WORK REQUEST:
In the entries that follow, the line with "就像朱桢和包贝尔一样,朱桢是" opens the range and the line with "A tágas, világos" closes it; repeat that range exactly, both lines included.

RECORDS:
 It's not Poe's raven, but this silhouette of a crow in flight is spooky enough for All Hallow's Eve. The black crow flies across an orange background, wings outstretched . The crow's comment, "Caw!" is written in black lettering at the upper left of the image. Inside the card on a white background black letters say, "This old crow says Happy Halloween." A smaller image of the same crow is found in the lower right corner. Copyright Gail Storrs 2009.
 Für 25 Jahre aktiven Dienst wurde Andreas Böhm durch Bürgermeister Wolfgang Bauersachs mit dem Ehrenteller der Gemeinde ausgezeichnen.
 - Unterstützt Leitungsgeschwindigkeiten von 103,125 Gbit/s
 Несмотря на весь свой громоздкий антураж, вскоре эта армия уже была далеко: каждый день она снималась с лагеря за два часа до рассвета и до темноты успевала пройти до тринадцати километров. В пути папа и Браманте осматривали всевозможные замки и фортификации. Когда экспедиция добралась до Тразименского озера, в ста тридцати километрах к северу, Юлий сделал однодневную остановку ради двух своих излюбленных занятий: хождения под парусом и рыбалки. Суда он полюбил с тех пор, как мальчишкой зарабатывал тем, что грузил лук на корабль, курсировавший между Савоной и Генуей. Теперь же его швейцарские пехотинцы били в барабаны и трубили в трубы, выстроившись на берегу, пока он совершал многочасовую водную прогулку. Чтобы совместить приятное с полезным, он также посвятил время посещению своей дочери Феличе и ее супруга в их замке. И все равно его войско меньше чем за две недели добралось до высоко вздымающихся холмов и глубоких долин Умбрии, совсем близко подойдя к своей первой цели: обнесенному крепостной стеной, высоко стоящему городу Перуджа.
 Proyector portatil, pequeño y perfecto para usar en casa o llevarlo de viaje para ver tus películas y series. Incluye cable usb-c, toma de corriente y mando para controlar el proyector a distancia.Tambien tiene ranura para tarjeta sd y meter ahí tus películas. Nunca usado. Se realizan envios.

---

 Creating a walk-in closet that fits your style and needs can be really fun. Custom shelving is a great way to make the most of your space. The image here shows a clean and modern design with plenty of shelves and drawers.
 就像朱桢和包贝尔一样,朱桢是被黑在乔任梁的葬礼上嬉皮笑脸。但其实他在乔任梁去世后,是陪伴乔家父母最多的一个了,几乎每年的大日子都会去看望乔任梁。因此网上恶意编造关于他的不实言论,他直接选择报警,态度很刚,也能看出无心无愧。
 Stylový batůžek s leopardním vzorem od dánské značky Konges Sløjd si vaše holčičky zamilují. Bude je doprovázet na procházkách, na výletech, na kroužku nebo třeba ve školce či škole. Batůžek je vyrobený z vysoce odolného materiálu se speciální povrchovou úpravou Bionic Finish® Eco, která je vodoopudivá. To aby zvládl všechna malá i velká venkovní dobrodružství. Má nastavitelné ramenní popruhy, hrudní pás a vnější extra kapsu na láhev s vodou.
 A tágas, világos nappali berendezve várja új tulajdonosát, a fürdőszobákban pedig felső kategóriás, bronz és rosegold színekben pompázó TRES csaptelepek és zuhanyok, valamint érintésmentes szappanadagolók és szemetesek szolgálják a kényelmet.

==

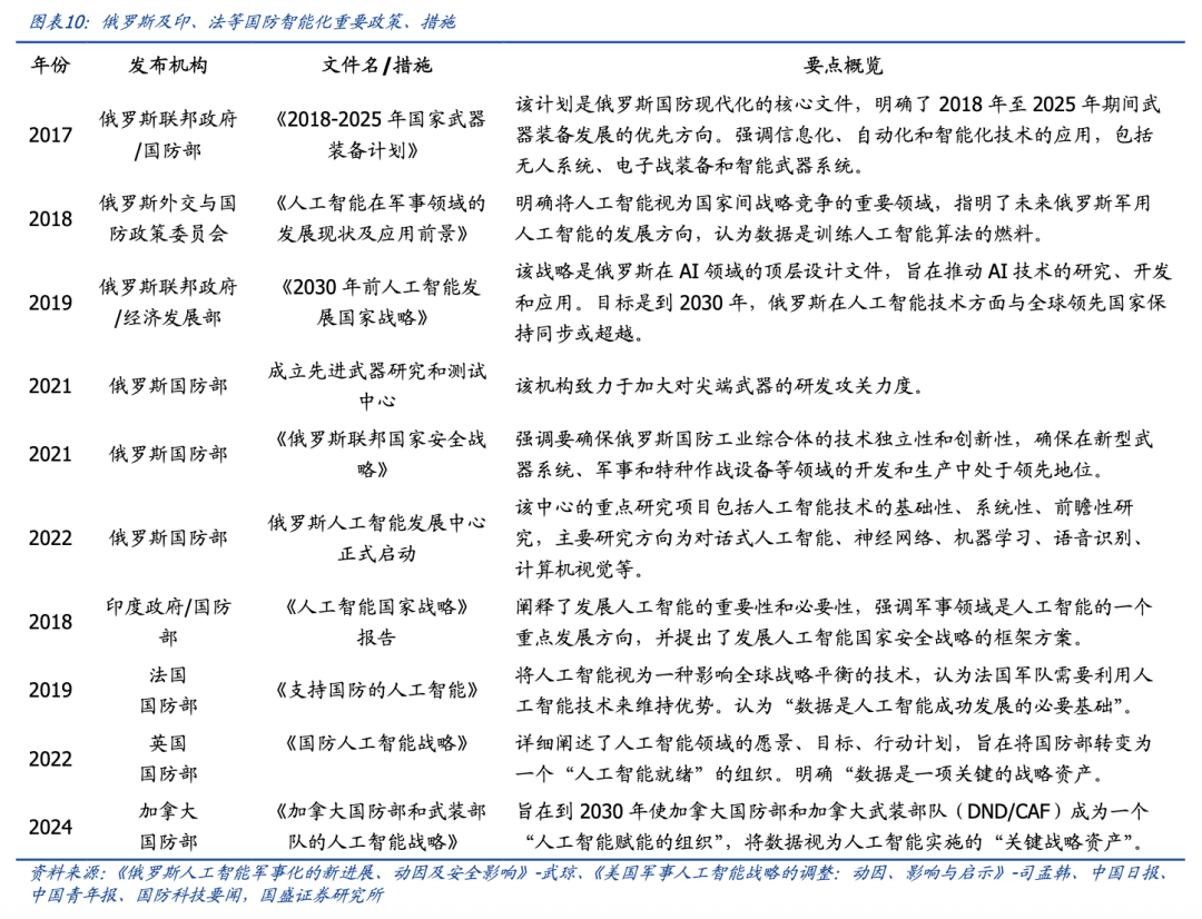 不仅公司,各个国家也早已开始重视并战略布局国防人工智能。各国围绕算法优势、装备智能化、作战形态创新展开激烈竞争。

ANSWER BELOW:
 就像朱桢和包贝尔一样,朱桢是被黑在乔任梁的葬礼上嬉皮笑脸。但其实他在乔任梁去世后,是陪伴乔家父母最多的一个了,几乎每年的大日子都会去看望乔任梁。因此网上恶意编造关于他的不实言论,他直接选择报警,态度很刚,也能看出无心无愧。
 Stylový batůžek s leopardním vzorem od dánské značky Konges Sløjd si vaše holčičky zamilují. Bude je doprovázet na procházkách, na výletech, na kroužku nebo třeba ve školce či škole. Batůžek je vyrobený z vysoce odolného materiálu se speciální povrchovou úpravou Bionic Finish® Eco, která je vodoopudivá. To aby zvládl všechna malá i velká venkovní dobrodružství. Má nastavitelné ramenní popruhy, hrudní pás a vnější extra kapsu na láhev s vodou.
 A tágas, világos nappali berendezve várja új tulajdonosát, a fürdőszobákban pedig felső kategóriás, bronz és rosegold színekben pompázó TRES csaptelepek és zuhanyok, valamint érintésmentes szappanadagolók és szemetesek szolgálják a kényelmet.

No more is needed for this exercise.